A popular media narrative these days is that broadcast TV is being canceled. Yes, the networks keep pumping out shows while audiences congregate for live sports, local news, and special events like the Super Bowl. But viewership is shifting to streaming platforms, splintering audiences and ad dollars. For people under 20 who have never even seen a cable box, the concept of must-see TV might be as quaint as a rerun of Seinfeld—now streaming on Netflix, ad-free.
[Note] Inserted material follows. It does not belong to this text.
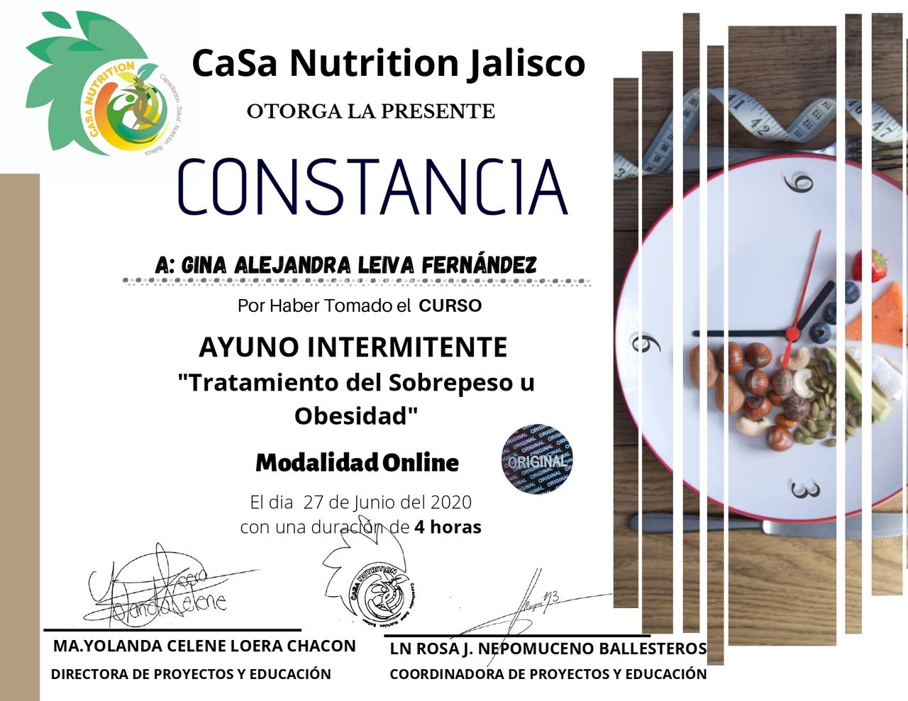 Curso actualmente la Maestría en Nutrición Clínica,

Broadcast TV stocks trade as if the future will be all digital. Nexstar Media Group (ticker: NXST), the country’s largest station owner, goes for six times estimated 2022 earnings. Netflix (NFLX), by contrast, fetches 49 times.
TV broadcasters may never shake their Old Media shackles, but local TV is far from dead. The broadcasters still generate lots of free cash flow from advertising and distribution fees paid by cable, satellite, and internet services, including some of the new ad-supported apps from the major networks.
Gray Television (GTN), at about $23.50 a share, has a price/earnings ratio of five based on 2022 estimates. It looks like an inexpensive way to bet on broadcast soldiering on. The Atlanta-based company has been scooping up stations for years. It paid $3.7 billion for Raycom Media in 2019, added Quincy Media for $925 million this year, and aims to buy 17 stations from Meredith (MDP) for $2.8 billion, pending regulatory approvals. Assuming the deal closes as expected in December, Gray will reach 36% of U.S. households and operate in 113 markets, making it the second-largest local TV group.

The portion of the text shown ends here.